[Opening Data shown section]

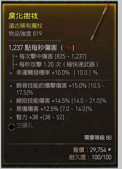 物 品 :死靈819魔杖 智力/易傷/駭骨爆
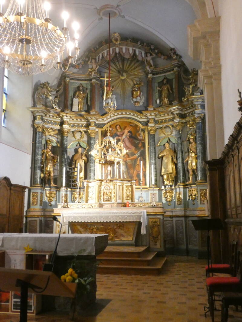 L'église actuelle, de style baroque, est édifiée sur l'emplacement d'une église primitive du XIIème siècle. L'ensemble sera restauré par de gros travaux entre 1954 et 1959 avec l'adjonction de la sacristie et ses dépendances ce qui nécessitera l'obturation d'une baie du chœur.
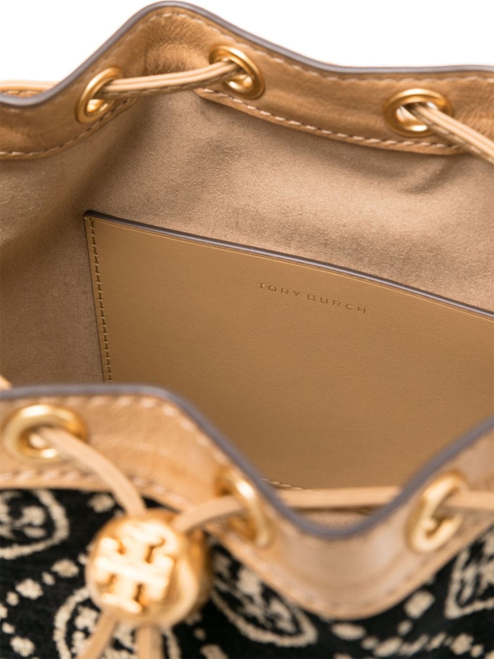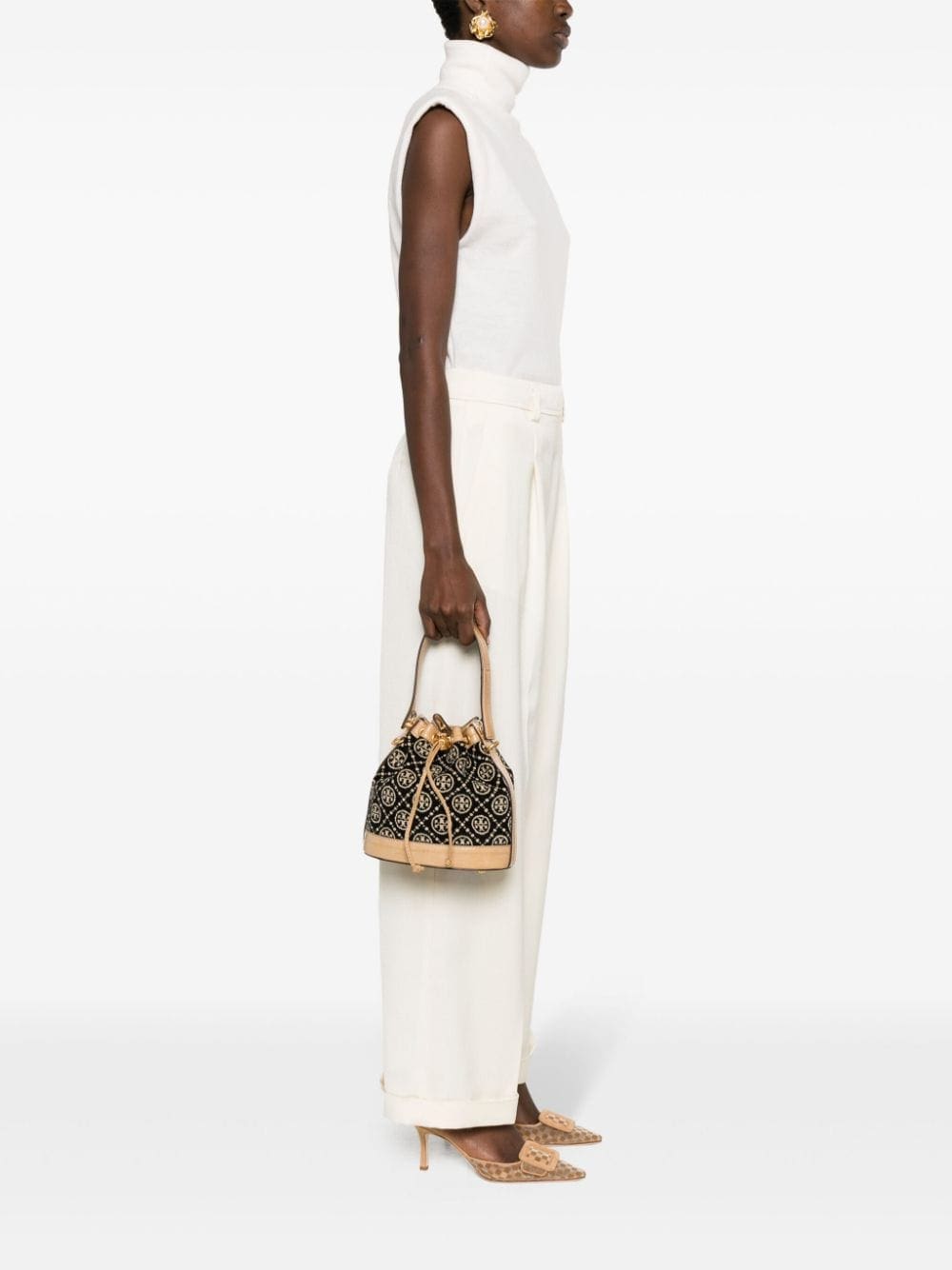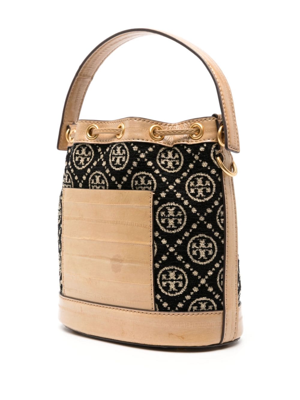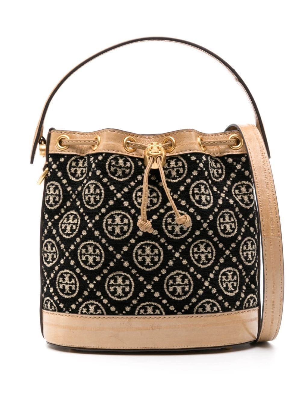 This Tory Burch bucket bag is decorated with the iconic Double T motif — a logo inspired by the geometry of Moroccan architecture and the bold graphics of David Hicks’ interiors from the '60s and ’70s. It’s trimmed with leather and finished with polished gold-tone metal hardware.
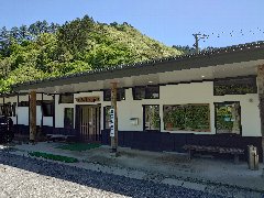 木曽町、「けやきの湯」の外観 (西野川の近くにぽつんとあります) |
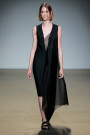 In an interview last year David Laport said to be focusing on art. “The more experimental the job, the better”, he stated on Idependent Fashion Daily. So today’s collection, inspired by Laport’s fascination for insects, was surprisingly wearable. He beautifully mixed light and heavy fabrics into elegant, ladylike, asymmetric creations. Rigid tops and sheer, airy skirts and vice versa. Pleated parts and lace (made in Austia) details. Mostly in blacks and whites with touches of turquoise, soft pink and blue. Feathers, tulle and a specially treated type of nylon which can create larger volumes, gave the looks a dreamy ballerina association, while the patent leather parts kept them grounded. Although, it was as if the last angel, dressed in a sculptured, sheer, feathery black creation, could have just floated off of the runway.
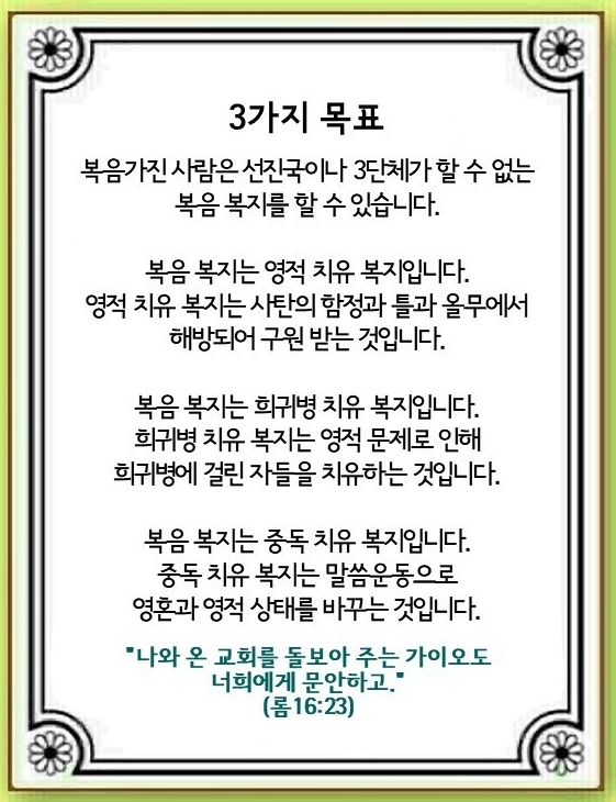 5가지 복지 시대(다민족 복지, 청소년 복지, 민간교도 복지, 정신치유 복지, 중독치유 사회복지)가 이미 다가왔습니다. 나는 세상이 하는 전문성을 갖췄나요? 나아가 복음 가진 하나님 자녀만 갖출 수 있는 시스템을 세우는 시작이 되기를 결단합니다.
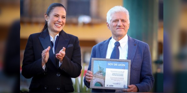 León.- Esta mañana, el doctor Alejandro Macías Hernández fue reconocido por la presidenta municipal de León, Ale Gutiérrez Campos, con el distintivo ‘Soy de León’, debido a su destacada trayectoria y aporte en materia de salud.
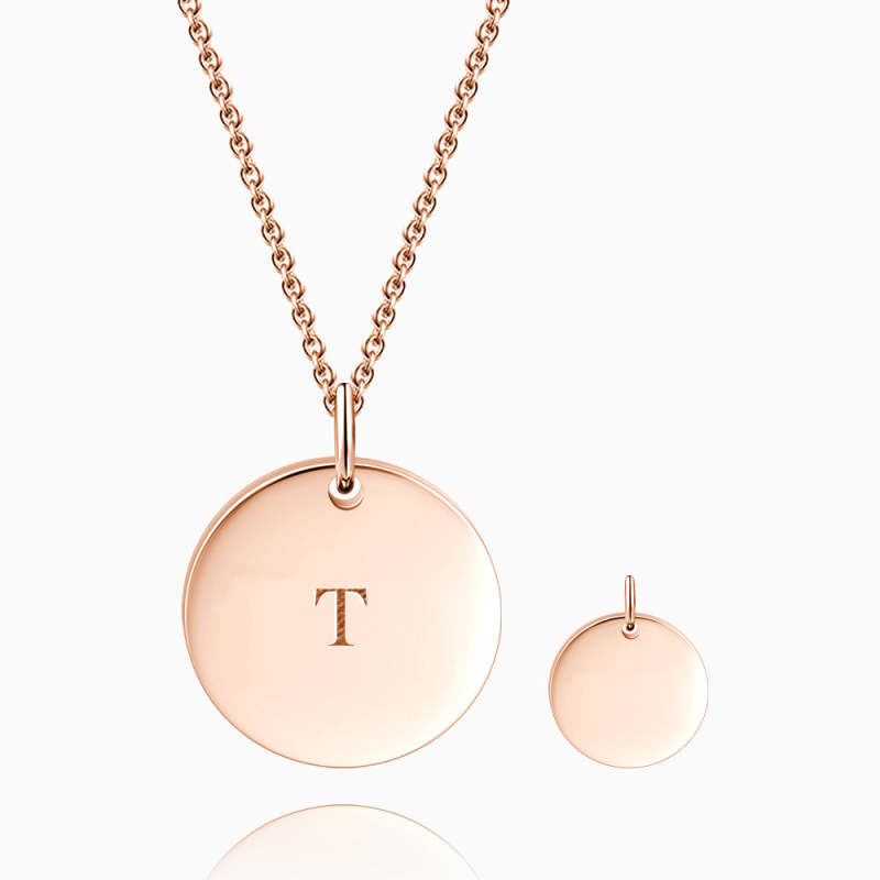 Initial Coin Necklace With Engraving Rose Gold Plated
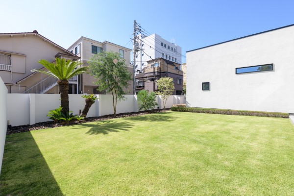 人通りのある住宅地にありながら、敷地内に入るとアメリカ・フロリダをイメージした庭が広がり、まるで公園の中に建物が佇んでいるようです。
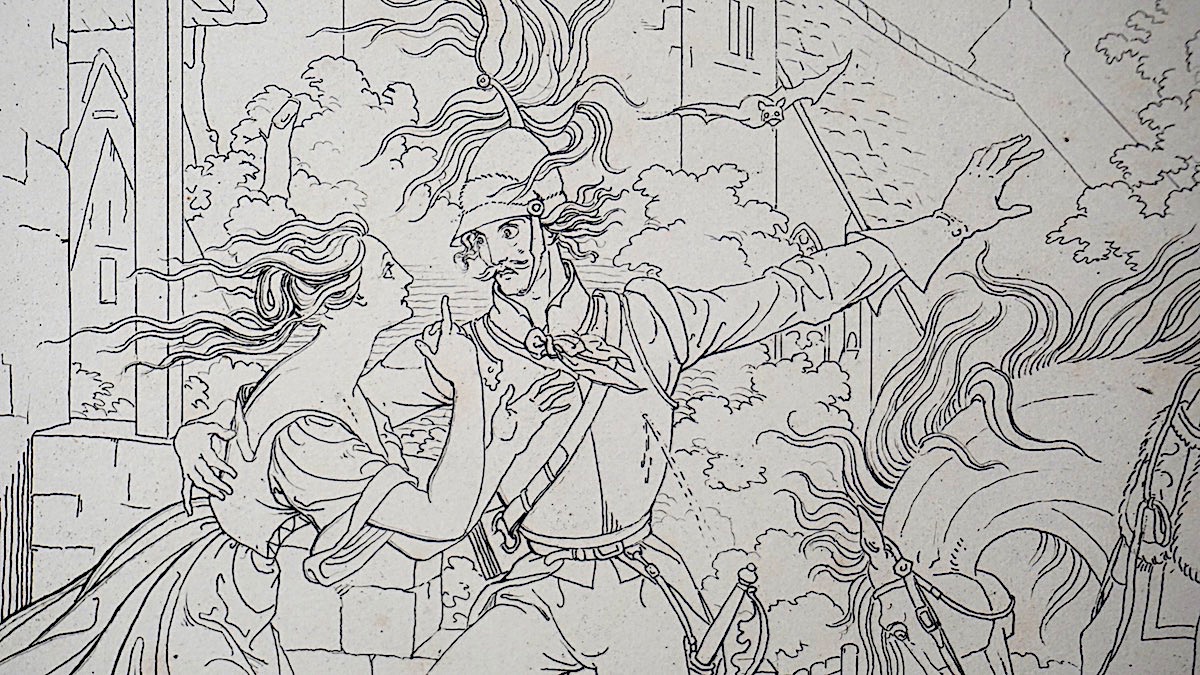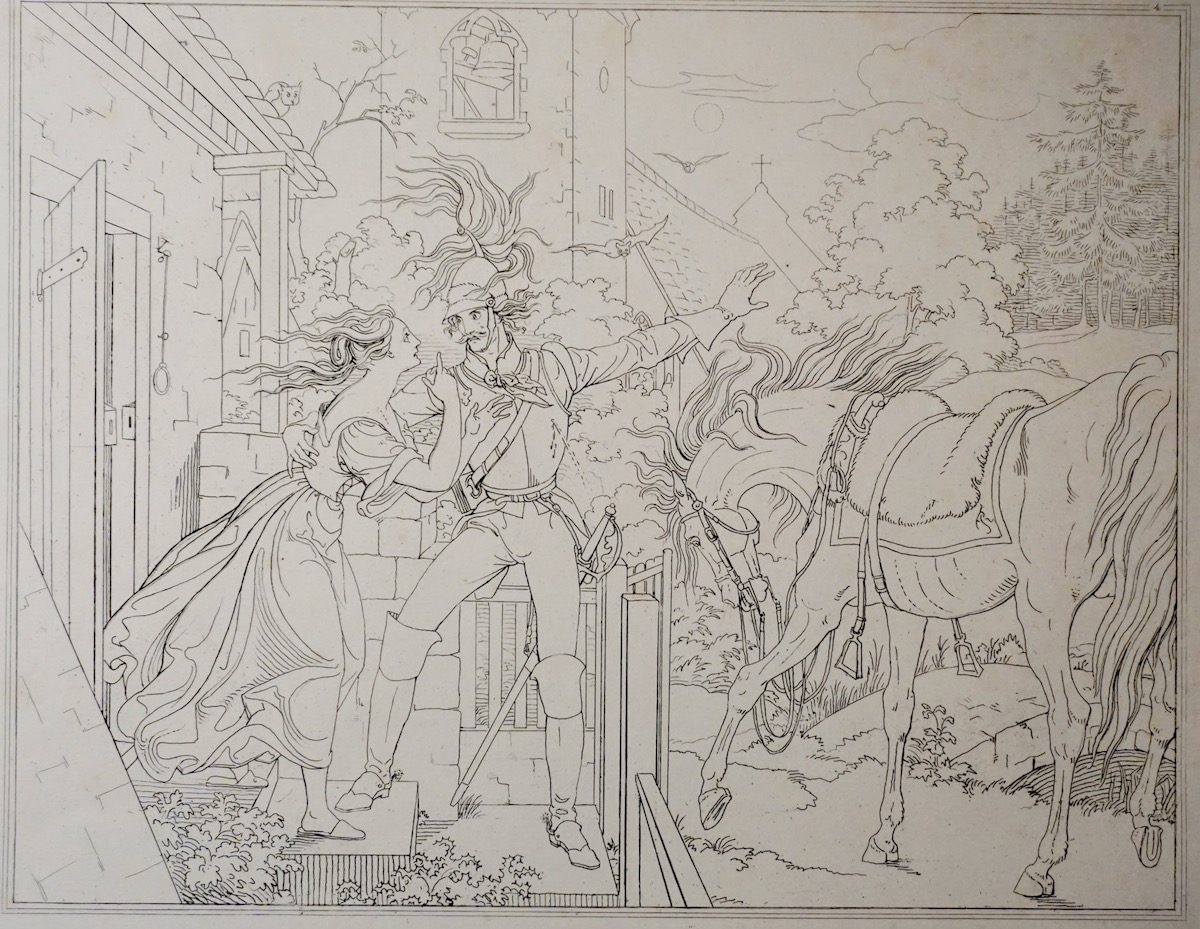 Antique Engraving Print, Doorstep conversation, 1820, credit Antiche Curiosità©
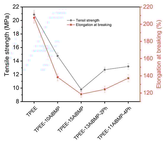 The tensile properties of TPEE composites are shown in Figure 6, The tensile strength and elongation at breaking both decrease with increasing the loading of AiMBP and then increase with the addition of phenolphthalein. For instance, the tensile strength and elongation at break of TPEE-15AiBMP were reduced by 53.0% and 42.8%, respectively, compared to the TPEE. Similar results were reported in a previous study. The reason corresponds to the poor compatibility between TPEE and AiBMP, leading to discontinuities at the particle/matrix interface.
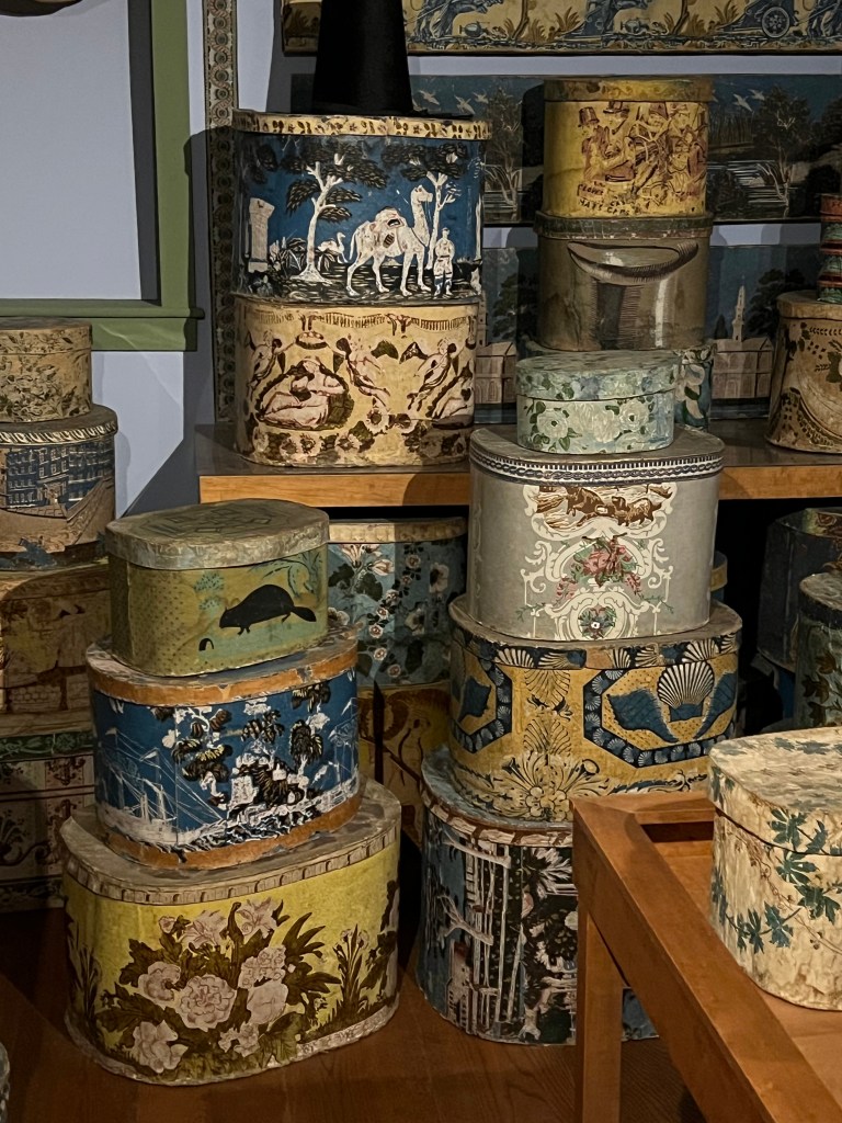 Mrs. Webb even had the walls of a bedroom at her Westbury, Long Island home lined with paneling made with unfurled bandbox panels and detached lid tops. Some of the panels are on display in this exhibit.

[Closing Data shown section]

§ **Exercise objective**: Each entry is to be output exactly, and no picture is to appear.

§ **Result**:
 物 品 :死靈819魔杖 智力/易傷/駭骨爆
 L'église actuelle, de style baroque, est édifiée sur l'emplacement d'une église primitive du XIIème siècle. L'ensemble sera restauré par de gros travaux entre 1954 et 1959 avec l'adjonction de la sacristie et ses dépendances ce qui nécessitera l'obturation d'une baie du chœur.
 This Tory Burch bucket bag is decorated with the iconic Double T motif — a logo inspired by the geometry of Moroccan architecture and the bold graphics of David Hicks’ interiors from the '60s and ’70s. It’s trimmed with leather and finished with polished gold-tone metal hardware.
 木曽町、「けやきの湯」の外観 (西野川の近くにぽつんとあります) |
 In an interview last year David Laport said to be focusing on art. “The more experimental the job, the better”, he stated on Idependent Fashion Daily. So today’s collection, inspired by Laport’s fascination for insects, was surprisingly wearable. He beautifully mixed light and heavy fabrics into elegant, ladylike, asymmetric creations. Rigid tops and sheer, airy skirts and vice versa. Pleated parts and lace (made in Austia) details. Mostly in blacks and whites with touches of turquoise, soft pink and blue. Feathers, tulle and a specially treated type of nylon which can create larger volumes, gave the looks a dreamy ballerina association, while the patent leather parts kept them grounded. Although, it was as if the last angel, dressed in a sculptured, sheer, feathery black creation, could have just floated off of the runway.
 5가지 복지 시대(다민족 복지, 청소년 복지, 민간교도 복지, 정신치유 복지, 중독치유 사회복지)가 이미 다가왔습니다. 나는 세상이 하는 전문성을 갖췄나요? 나아가 복음 가진 하나님 자녀만 갖출 수 있는 시스템을 세우는 시작이 되기를 결단합니다.
 León.- Esta mañana, el doctor Alejandro Macías Hernández fue reconocido por la presidenta municipal de León, Ale Gutiérrez Campos, con el distintivo ‘Soy de León’, debido a su destacada trayectoria y aporte en materia de salud.
 Initial Coin Necklace With Engraving Rose Gold Plated
 人通りのある住宅地にありながら、敷地内に入るとアメリカ・フロリダをイメージした庭が広がり、まるで公園の中に建物が佇んでいるようです。
 Antique Engraving Print, Doorstep conversation, 1820, credit Antiche Curiosità©
 The tensile properties of TPEE composites are shown in Figure 6, The tensile strength and elongation at breaking both decrease with increasing the loading of AiMBP and then increase with the addition of phenolphthalein. For instance, the tensile strength and elongation at break of TPEE-15AiBMP were reduced by 53.0% and 42.8%, respectively, compared to the TPEE. Similar results were reported in a previous study. The reason corresponds to the poor compatibility between TPEE and AiBMP, leading to discontinuities at the particle/matrix interface.
 Mrs. Webb even had the walls of a bedroom at her Westbury, Long Island home lined with paneling made with unfurled bandbox panels and detached lid tops. Some of the panels are on display in this exhibit.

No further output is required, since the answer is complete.